Haskin, strikingly modest, doesn’t talk comfortably about his ability.
“I don’t sprint like a deer or jump like a gazelle,” he said. “I hope I’ve got something, at least.”
His nature serves him well around the athletic department.
“He’s not a big shot,” Anderson said. “In some aspects, he might be naive, maybe, but it’s refreshing. Whenever some people have had notoriety for a long time, they get callous to the situation because they become maybe a little bit of a prima donna. He does not get provoked when people want to talk to him. He’s not one of these players who brush people off as if to say, ‘You’re a bother and my time’s too precious.’ ”
The last few months have brought Haskin more attention than he has ever known.
“In one sense it’s nice, you know, to have the magazines, maybe show them to your kids one day,” Haskin said. “I don’t take any of it to heart. That would be the death of me, in five seconds, if I really believed what they said.

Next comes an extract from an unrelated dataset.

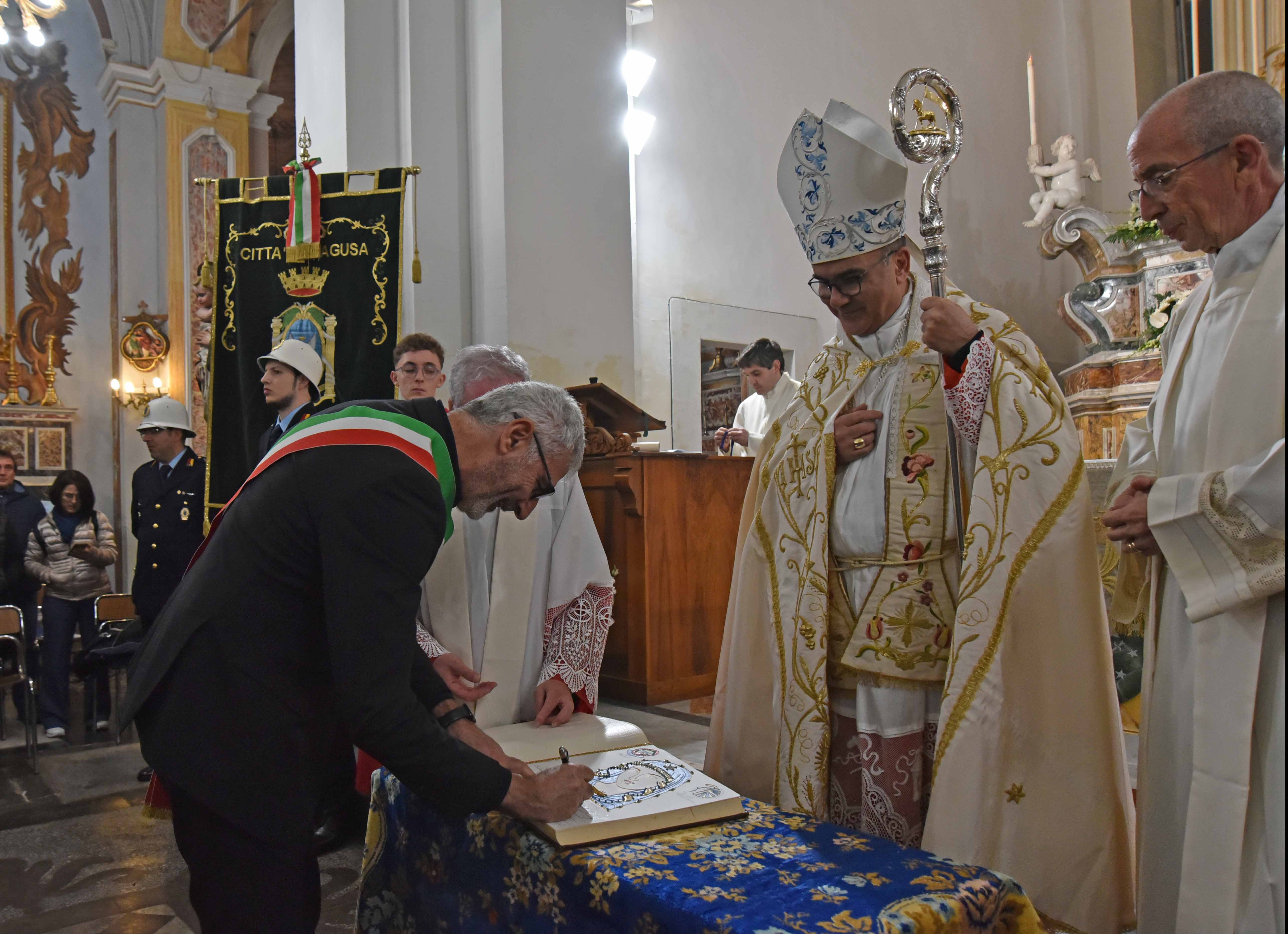 «Vigilate maternamente su questa città – ha letto, tra l’altro, il sindaco, alla presenza delle autorità civili e militari cittadine e provinciali, rivolgendosi alla Vergine – allargate su di essa il vostro manto immacolato, pegno e garanzia di prosperità e di pace. Insieme con la Città io Vi affido, o Vergine Immacolata, la nostra terra ed i nostri monti, gli interessi spirituali e temporali, il presente e l’avvenire, le nostre culle e le nostre tombe, la nostra vita e la nostra morte». Quindi il sindaco ha acceso un cero votivo e ha reso un omaggio floreale alla statua dell’Immacolata. Subito dopo, il prefetto di Ragusa, Giuseppe Ranieri, il questore Vincenzo Trombadore, il presidente del Consiglio comunale Fabrizio Ilardo e altri rappresentanti delle istituzioni (c’erano consiglieri comunali di Ragusa ed esponenti di vertice dei comandi dei carabinieri, della polizia, delle Fiamme gialle e della Capitaneria) hanno apposto la loro firma, così come anche il vescovo e il primo cittadino, sul registro delle autorità. I registri delle firme delle autorità, vere opere d’arte, furono istituiti con la nascita della Diocesi di Ragusa e sono stati realizzati dai rinomati Antonino Cannì, Rocco Cafiso e Maria Imposa. Uno degli ultimi tra questi reca, tra l’altro, la firma del presidente emerito della Repubblica Italiana, Carlo Azeglio Ciampi.

“I’ve gone from here to here in two months without even doing anything. It’s really weird. It’s certainly the most exciting thing that’s happened in my life. It’s not something a lot of people get to experience. But you have to step back and take a reality check.”

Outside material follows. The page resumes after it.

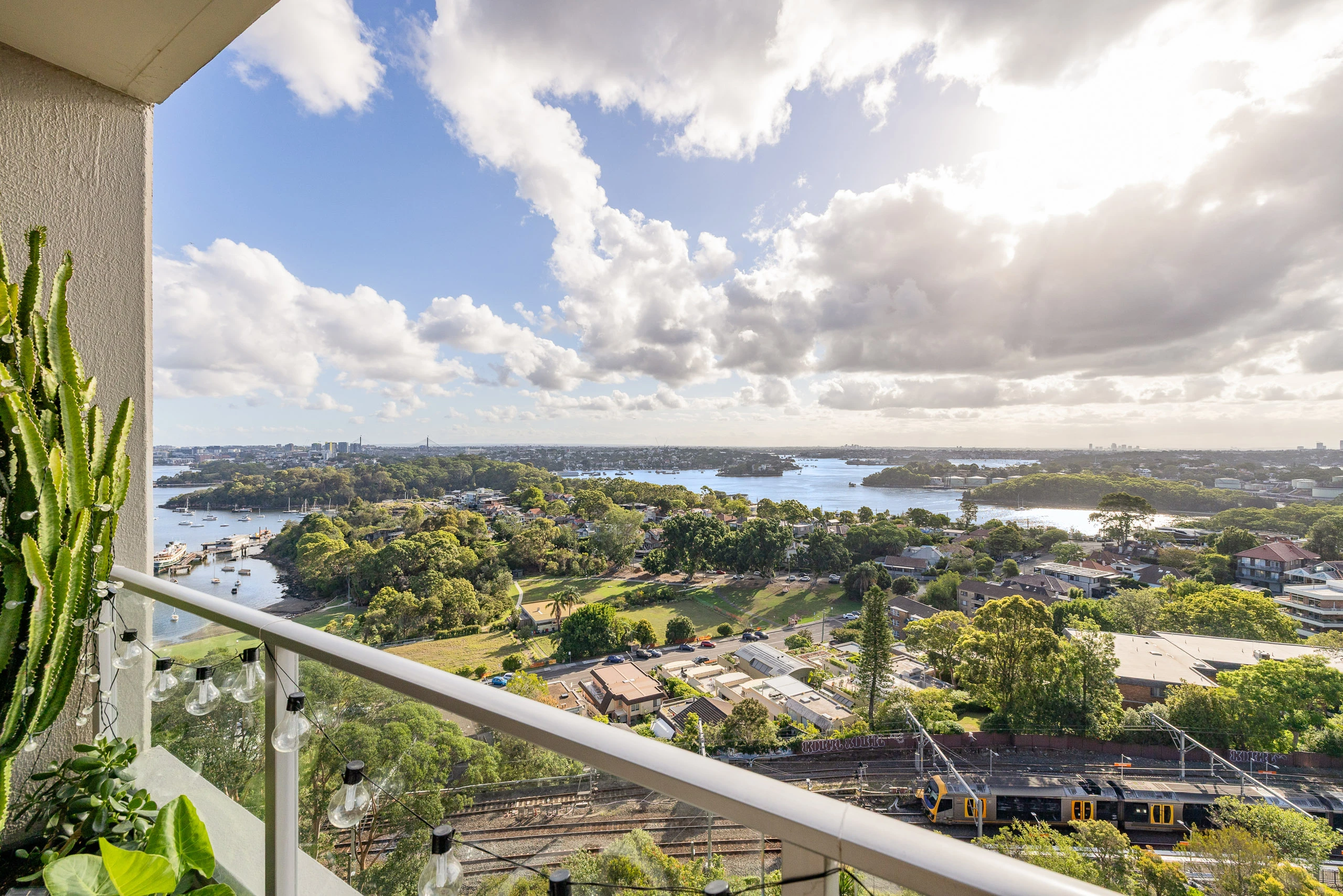 High up in the landmark building ‘Montevideo’, this apartment has spectacular water views capturing Berry Island, Greenwich, Balls Head, Anzac Bridge and surrounding districts. The generous floorplan includes two large bedrooms, one with ensuite bath, and a built-in home office. The separate kitchen is modern and well-appointed, crowned by its own superb vantage over Sydney Harbour. The location puts you in the heart of a desirable Lower North Shore village hub, with Waverton Park, bush walks and train station just outside, along with a wide choice of local cafés and dining spots. A low-maintenance home or investment in a sought-after harbourside locale. Stroll to Victoria Cross Metro Station, local schools, foreshore parks and attractions, and North Sydney CBD.

Haskin got his biggest reality check on the operating table in 1990.
“I was lucky, really lucky to come back from it,” he said. “It’s kind of a risky procedure. If the doctor slips up and the scalpel scrapes a nerve, you could have a lot of damage, permanently. You could have a limp leg or a club foot.
“The doctors tell you this before the surgery. You can sense that whatever happens is basically what happens. But I figured, better that than live with the pain. So I took my chances and beat the odds.
“They gave me a percentage, but I can’t remember what it was,” Haskin said. “I think I tried to forget.”